Italia
Minoranza dem
maltrattata
Ma il ribaltone
non è possibile
Alla direzione del Pd in cui si doveva discutere del magro risultato elettorale del centrosinistra nel primo appuntamento con le urne dopo il congresso, Renzi ha maltrattato la minoranza capeggiata dal ministro di Giustizia Orlando e ha avuto parole dure anche per quello della Cultura Franceschini, formalmente, ma solo formalmente ormai, suo principale alleato congressuale, ma di fatto collocatosi a metà tra maggioranza e minoranza.
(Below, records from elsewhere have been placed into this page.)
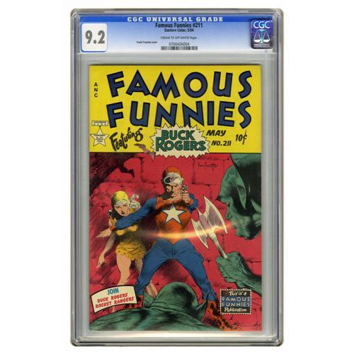 <B>Famous Funnies #211 (Eastern Color, 1954) CGC NM- 9.2 Cream to off-white pages.</B></I> No portrayal of Buck Rogers could ever top the great run of Frank Frazetta covers on <B>Famous Funnies</B></I> #209-216! Our offering is among the highest-graded copies of this issue. Overstreet 2006 NM- 9.2 value = $1,625. CGC census 4/06: 6 in 9.2, 2 higher.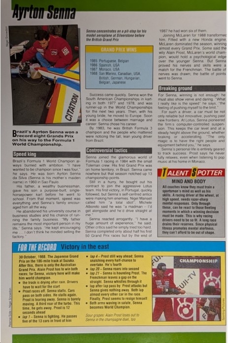AYRTON SENNA HAND SIGNED PICTURE BIO McLAREN HONDA MP4/4 1988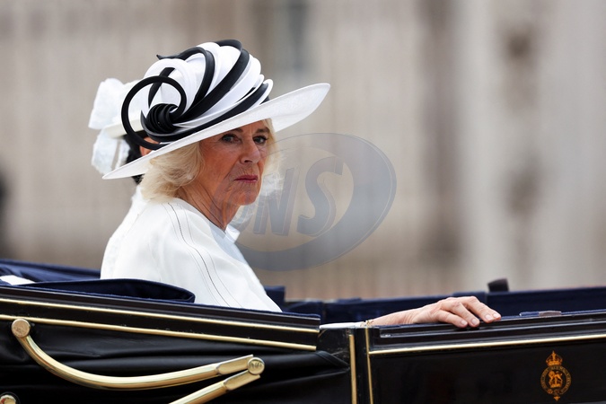 la reine consort Camilla - Cérémonie d'accueil et trajet en calèche lors de la visite de l'empereur Naruhito du Japon à Londres le 25 juin 2024. © Photoshot / Panoramic / Bestimage Japan's Empress Masako, accompanied by Britain's Queen Camilla, rides in a carriage on the day of a state visit, in London, Britain, June 25, 2024. NO UK USE FOR 48 HOURS, Credit:Avalon.red / Avalon Cérémonie d'accueil pour la visite d'État de l'empereur et de l'impératrice du Japon - Horse Guards Parade - Londres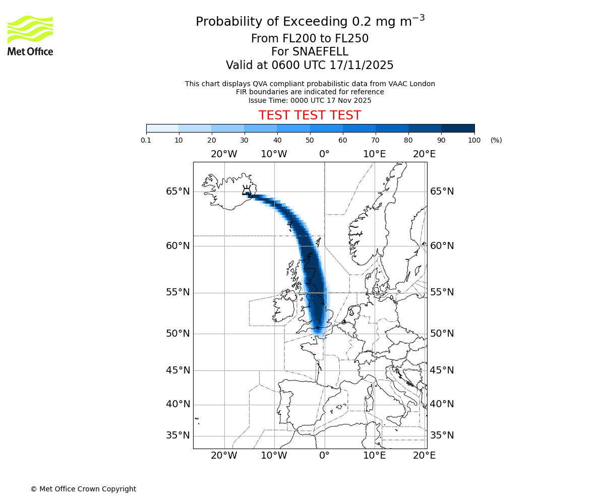 In accordance with ICAO Annex 3, Amendment 82 VAAC London will provide operational QVA forecasts from 27 November 2025 and these will be made available via a VAAC London QVA API information service. These charts are currently provided for test and evaluation purposes (not for operational use) until the introduction of the operational service.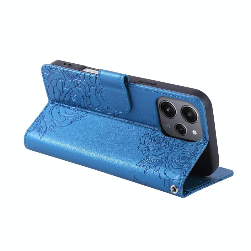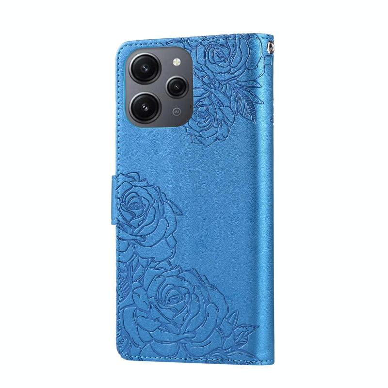 For Redmi 12 4G / 5G / Note 12R Rose Flower Embossed 3-Card Slots Leather Phone Case(Blue)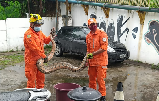 Uma jiboia de quase dois metros foi resgatada pelo Corpo de Bombeiros na manhã desta segunda-feira (07), dentro de uma oficina na Avenida Miguel Rosa, no bairro Piçarra, zona Sul de Teresina.
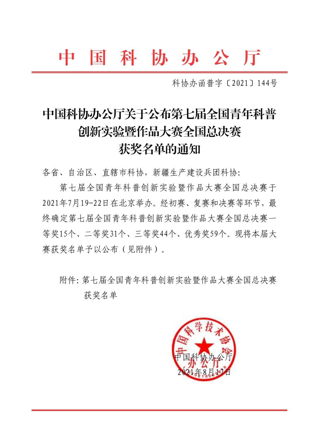 8月17日,中国科协办公厅公布第七届全国青年科普创新实验暨作品大赛全国总决赛获奖名单,最终确定第七届全国青年科普创新实验暨作品大赛全国总决赛一等奖15个、二等奖31个、三等奖44个、优秀奖59个。其中我院王祥、杨霆赫同学参赛的“基于外骨骼的可协调智能机械手”项目荣获二等奖,项目由杨帆、杨冬梅老师指导。

Se esistessero ancora i partiti e se il Pd non fosse ormai una sorta di comitato elettorale renziano, si sarebbe potuto dire che dopo la sconfitta dell’11 giugno, si stanno creando le condizioni per un ribaltone della segreteria. Ma non è così. Sia nella relazione che nella replica (quest’ultima molto più dura) Renzi ha ricordato a tutti che è stato appena eletto in una tornata di primarie a cui hanno partecipato quasi due milioni di elettori: ed è a loro, non ai capicorrente, che il segretario intende rispondere, mobilitandoli personalmente per la nuova campagna elettorale, e soprattutto scegliendosi i candidati al di fuori della spartizione percentuale adoperata le volte precedenti, e a mala pena mascherata l’ultima volta con una finta tornata di “parlamentarie”.
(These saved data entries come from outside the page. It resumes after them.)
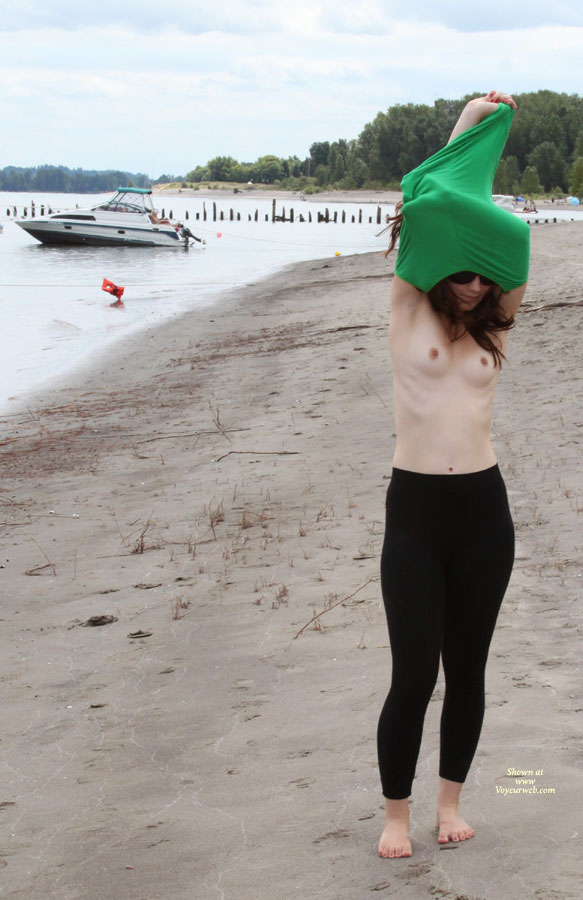 As the sun burns off the clouds, Emily stakes out her place to bask in the sun... Now, off to find someone to oil her up... {to be continued}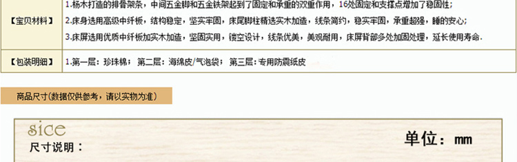 配件齐全,材料结实,整体大气,做工精细,打磨也光滑,还有送的床垫很好,总之是一次很满意的购物。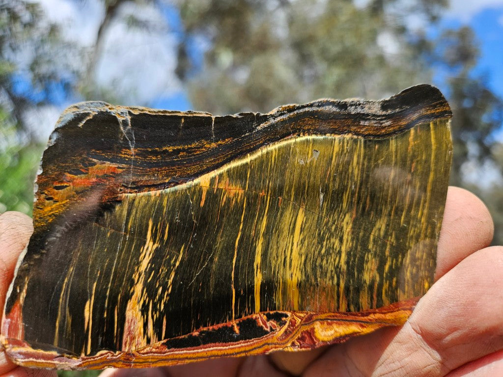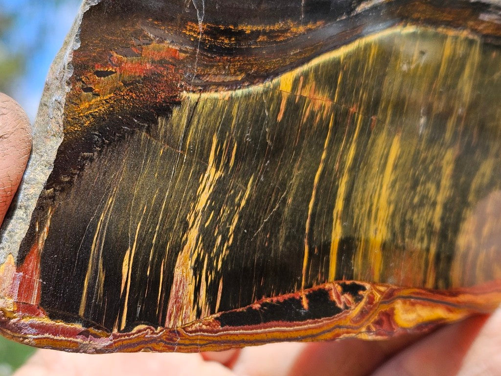 Marra Mamba Tiger Eye slab polished on one side .

Quanto alle alleanze, all’Ulivo e all’Unione, che in verità sono stati evocati come spettri anche da quelli che li considerano ancora una prospettiva possibile, Renzi, ormai proiettato in una logica proporzionale, ragiona solo in termini di Pd, farà la campagna per il Pd, è convinto che il Pd alle politiche possa rimontare, e i conti veri vuol farli solo alla fine. Non perché tenga nascosta la carta di un nuovo accordo di governo con Berlusconi, che ha esplicitamente smentito, ma perché punta a far arrivare primo il suo partito per poter dare le carte dopo il voto.
Pur condiviso dalla maggioranza renziana blindata della direzione (e Franceschini, benché in dissenso, ha evitato di contarsi e ha votato insieme ai suoi la relazione), un programma del genere spaventa. Anche nelle file renziane, insomma, ci si chiede cosa succederebbe se la presa elettorale di Renzi, com’è già accaduto dal referendum costituzionale in poi, dovesse rivelarsi meno forte del previsto e, dopo essersi tagliato tutti i ponti alle spalle, il Pd si ritrovasse all’indomani delle elezioni senza un piano B e soprattutto con la concreta possibilità di finire all’opposizione, in mancanza di alleanze e in presenza di un centrodestra tornato in buona salute. Per questo, la direzione di ieri, come tutte quelle da tre anni a questa parte, avrà sicuramente un secondo tempo.